Stored data.

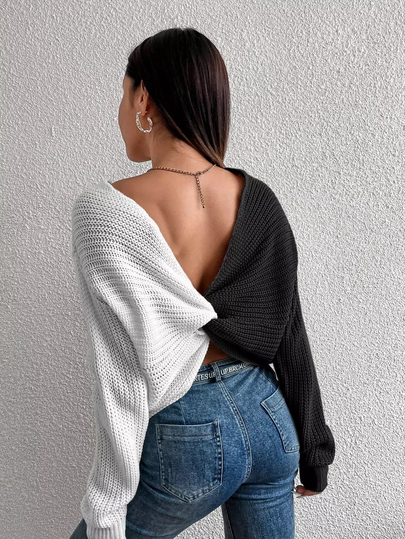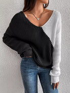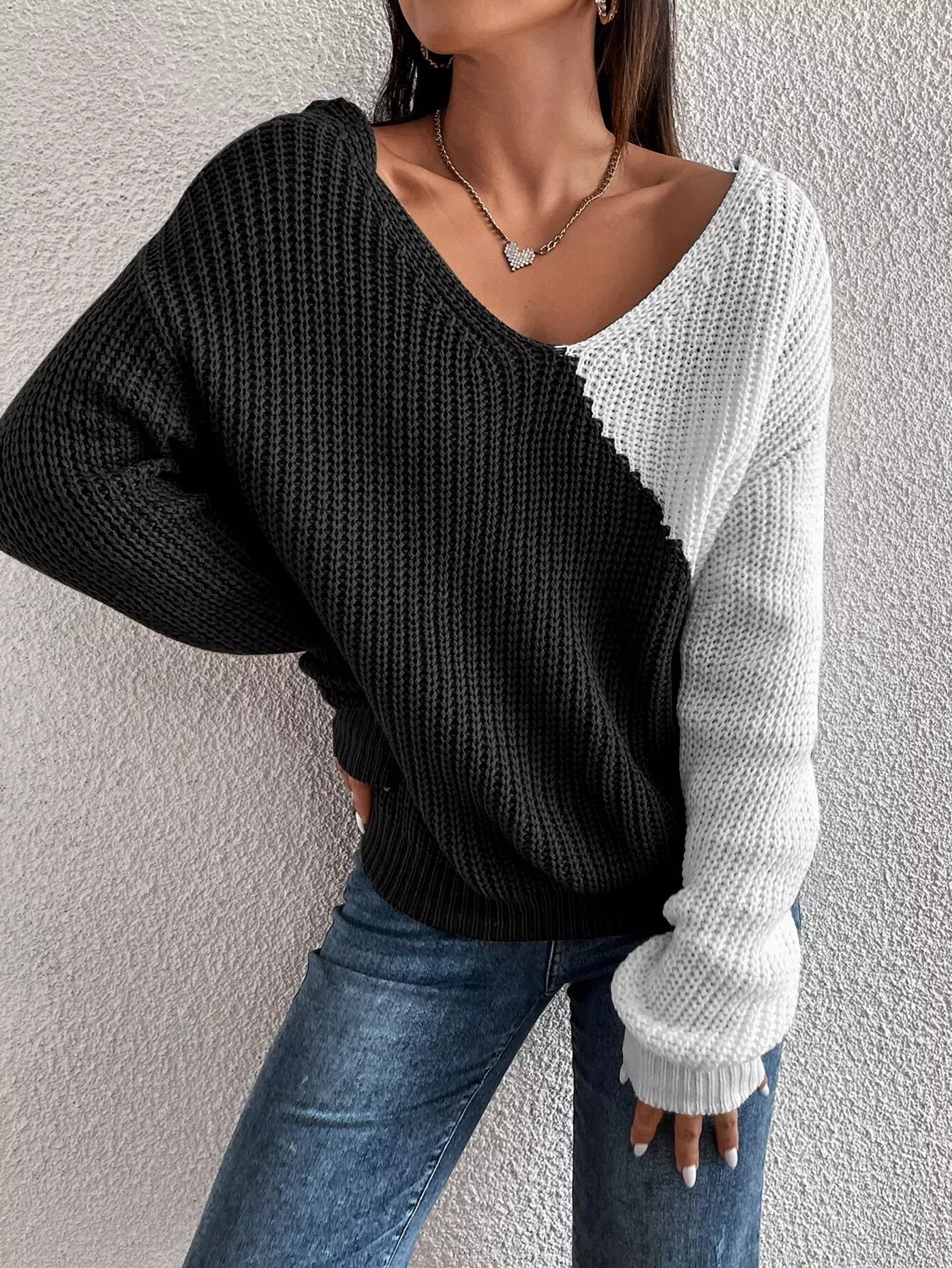 سترة منسدلة الكتفين بلونين بلونين على شكل حرف V بظهر على شكل حرف V
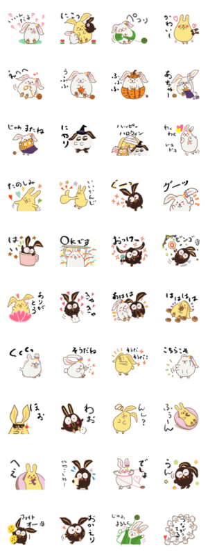 編物大好き白うさぎと黒うさぎ黄色うさぎです。ハロウィンも楽しんでるよ。ペコリ。kuro kabu より発売
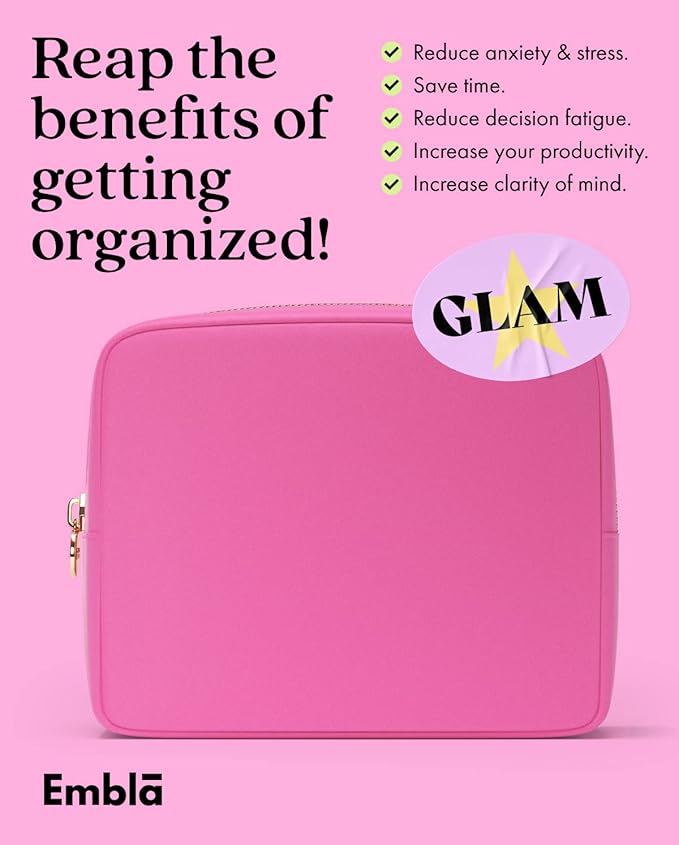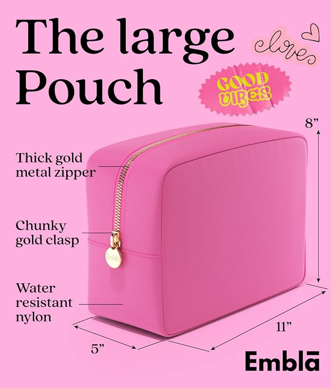 - TRAVEL + CUTE = EMBLA! - Our bags are THE trendy & preppy storage gifts! Simply pick your size (Mini, Large or XL) and start organizing all of your makeup, lipstick, hair stuff, snacks and jewelry accessories! Or use it as a clutch handbag, makeup brush holder, skin care bag, zippered carry case or coin purse wallet!

Task details.
Without altering anything, output all the lines above but none of the images.

Response to the exercise.
 سترة منسدلة الكتفين بلونين بلونين على شكل حرف V بظهر على شكل حرف V
 編物大好き白うさぎと黒うさぎ黄色うさぎです。ハロウィンも楽しんでるよ。ペコリ。kuro kabu より発売
 - TRAVEL + CUTE = EMBLA! - Our bags are THE trendy & preppy storage gifts! Simply pick your size (Mini, Large or XL) and start organizing all of your makeup, lipstick, hair stuff, snacks and jewelry accessories! Or use it as a clutch handbag, makeup brush holder, skin care bag, zippered carry case or coin purse wallet!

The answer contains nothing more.